Check your phone bills for the past few months for a bogus $14.95 charge (+$.46 tax) from “OAN Ideal Savings Now.” A message on our voicemail hotline tipped us off, and online complaints, like these 188, echo our reader’s grievance. It’s called cramming, and it’s illegal.

To get the charge removed, just call up your provider and complain. They will verify it with the 3rd party who, according to this complaint on ripoffreport, will say that you signed up on X date using such and such email address. The ripoffreport complaint says that the email address they cited was one the guy hadn’t used in years.

Original Consumerist reader voicemail tip:

Part of the problem is that with 3rd party billing, “FCC rules do not allow the landline provider…to question the third-party charges from OAN or anyone else,” says Michael Sisto of the New Hampshire Public Utilities Commission – a loophole some of these 3rd party companies are only too happy to exploit. Additionally, the carriers get a cut of each third-party charge they process and pass on to the customer.

Reached for comment, a Verizon spokesperson said, “Our customers have the tools to limit – or eliminate – many levels of data services, including messaging. From full-on block to limiting with no premium SMS capabilities, to blocking all data entirely on MY VERIZON, where you see your bill.”
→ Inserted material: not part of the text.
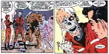 Henshaw spends some time traveling between planets, bonding with local lifeforms to learn about the culture and history of various worlds. Henshaw comes to believe that Superman was responsible for the tragedy of the Excalibur after learning that around the time of the accident, the Man of Steel had thrown a rogue Kryptonian artificial intelligence (the Eradicator) into the Sun. Henshaw believes that this created the solar flare that resulted in the Excalibur crew's transformations (although Superman had shared this concern with Terri after he had saved her life and she had confirmed that the flares would have been triggered before Superman disposed of the Eradicator).[8] Over time, Henshaw becomes delusional and paranoid, believing that the Man of Steel had intentionally caused the deaths of himself, his wife, and his crew, then driven him from Earth. Arriving on a planet controlled by alien overlord and Superman foe Mongul, Henshaw learns of Warworld and forcibly recruits Mongul as part of a plan for revenge against Superman.[9]

OAN’s parent company, BSG Clearing Solutions, has a C rating with the BBB, with 726 complaints filed against them. The majority were billing and collection issues.
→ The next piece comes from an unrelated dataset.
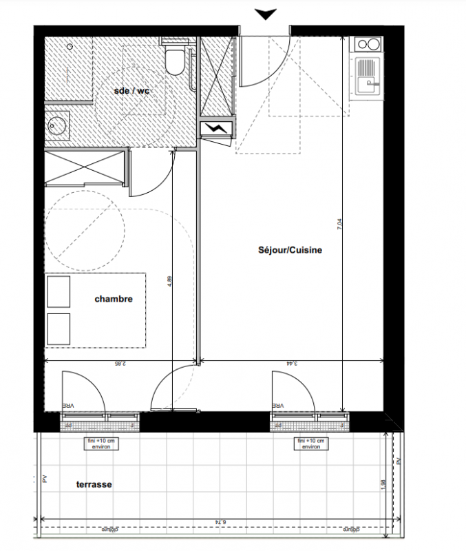 Les studios tous meublés et équipés, sont complétés par des espaces partagés : cuisine et salle commune, terrasse paysagée et laverie.
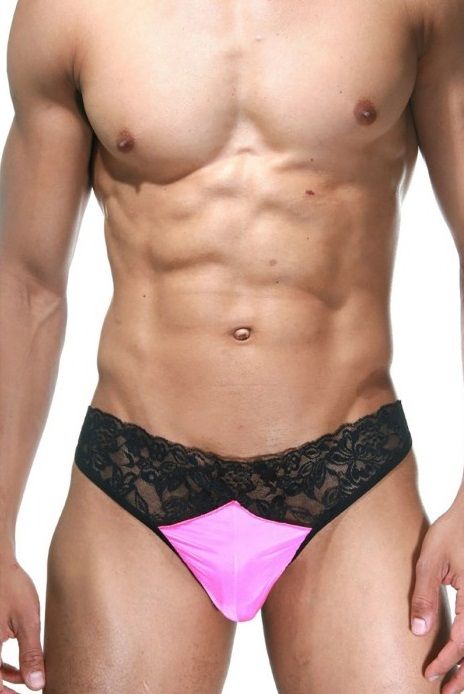 Танга для мужчин, с кружевным полотном на ягодицах и поясом, и розовым, эластичным материалом в районе мошонки.

Reached for comment, a BSG spokesperson said they were merely a billing agent for 3rd party phone service providers and they maintained strict standards for accepting clients. They hypothesized that the consumer “doesn’t recognize the charge because it is being billed through ESBI; a spouse made a charge without notifying their partner, or the consumer simply forgot.”

In the event of a dispute, the company recommendeds contacting the service provider, requesting a refund from their phone company, having a block against 3rd party charges put on their account, or requesting a block and refund via BSG.

“BSG has done more to prevent fraud in the third-party billing industry than any other company,” they said.